Computer-Mediated Communication Magazine / Volume 1, Number 2 / June 1, 1994 / Page 9


Editor's Page

by John December, Publisher/Editor

Welcome Assistant Editors

I'm pleased to welcome Assistant Editors Leysia Palen and Gary Ritzenthaler to CMC Magazine with this issue. Both bring great experience and new perspectives, and they both have already brought new voices to this magazine.

In This Issue...

Brock N. Meeks reports on the GAO's actions in selecting MCI to develop a major high speed research network. Big companies are realizing that the "information superhighway" means big bucks, and there is a scramble to grab a piece of it. Understanding and following network public policy issues is crucial to influencing the global information infrastructure.

An island nation and still an Internet island (relatively isolated with respect to global networks for such an industrial power), Japan's adoption of global internetworking technology is still lagging, as illustrated by Bruce Hahne's report on the Business Show '94 held recently in Tokyo.

Professional and scholarly organizations must move onto the Internet if they are to keep up with communication trends.

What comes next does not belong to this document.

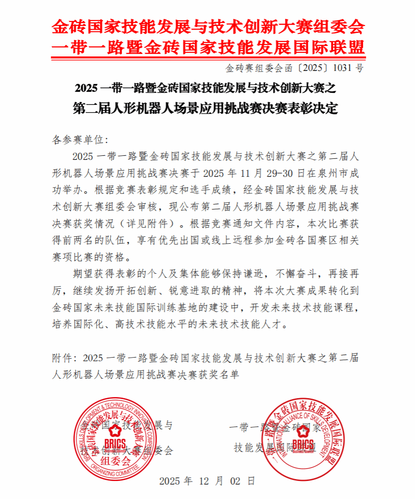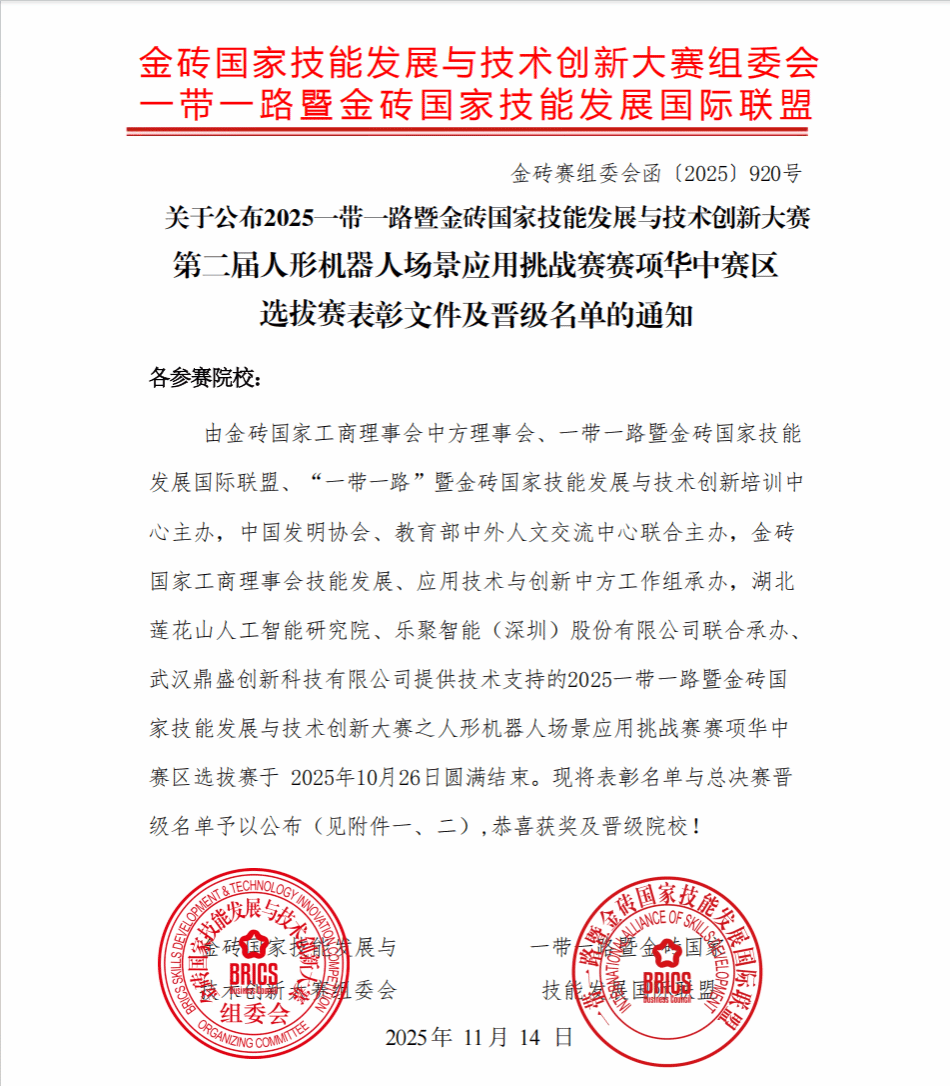 一带一路暨金砖国家技能发展与技术创新大赛(简称 “金砖大赛”)是经金砖国家工商理事会批准、外交部备案的国际级赛事,已连续九年写入《金砖国家工商理事会工作报告》并呈报金砖各国最高领导人,同时也是中国高等教育学会大学生竞赛分析报告竞赛目录赛事,是检验高校人才培养质量和技术创新能力的重要平台。本届大赛的第二届人形机器人场景应用挑战赛,聚焦人形机器人技术应用前沿,华中赛区选拔赛于10月25日-26日在湖北鄂州举办,吸引了区域内多所院校的优秀队伍同台竞技,全国总决赛则于12月6日至7日在泉州华光职业学院拉开战幕,汇聚了全国各赛区顶尖选手展开巅峰对决。

I describe the Society for Technical Communication's first steps into Internet-based communication .

Rob Kling discusses the field of Computer Supported Cooperative Work (CSCW), an area of study which applies CMC to improve task performance and communication among people in organizations.

Gary Ritzenthaler begins a series of columns, Pyxis Cyberea, examining lessons learned from the Florida Compass WWW news prototype.

In the FROM THE NETS column this month, I've tried a different approach to reporting on what's happening on the Net and its cultural expressions in terms of Waves... Threads... Catches....

Putting This Issue Together (Some Reflections on Cyberspace)

Travelling in the Upper Peninsula of Michigan for several weeks, I've put this issue together on my Zenith Mastersport 386SL laptop, calling by modem every couple of days to my account at Rensselaer. I've missed having access to the color Sun Sparcstations on Rensselaer's campus, the X interface, the full Internet connection. Walking along the Lake Superior shore, I thought about how far the Internet/Matrix extended to this isolated part of Michigan where I was born, a place cloaked for many months each winter in snow. How much of one's experience of cyberspace depends on equipment, graphical user interfaces, and tne physical Net itself?

I thought of the authors and assistant editors that I'd been working with for this issue, wondering what night their articles would appear in my mailbox, among the hundreds of email messages accumulated over several days between calls. Once their articles arrived, I would download them to my laptop and arrange and edit them for this issue. Travelling to Madison, Wisconsin, I had (foolishly) neglected to make backup copies of the only edited instance of this issue, and it sailed along US 41 south on my hard disk, at 65 mph in the summer sun. There was no disaster, no data lost, but these experience marked for me an awareness of the my tenuous dependence on quite complex (and expensive) equipment and infrastructure for my experience of cyberspace.

Most importantly, for my work, I depend on using the Net to maintain relationships with people--authors and editors for this issue, people interested in the CMC Studies Center, my dissertation committee, friends, and the users, editors, writers, and trainers I work with on projects. These relationships--formed out of the power of the Net to transcend spatial and temporal constraints--seem more distant to me with my only view of the Net a monochrome screen, a dialup connection, accessed while long-distance charges accumulate (a view I know many people routinely have of the Net). But somehow, these relationships hold on, and I have put this issue together. Cyberspace, I suspect, may be more in the mind than in the interface, more a product of human effort and imagination than hardware and software.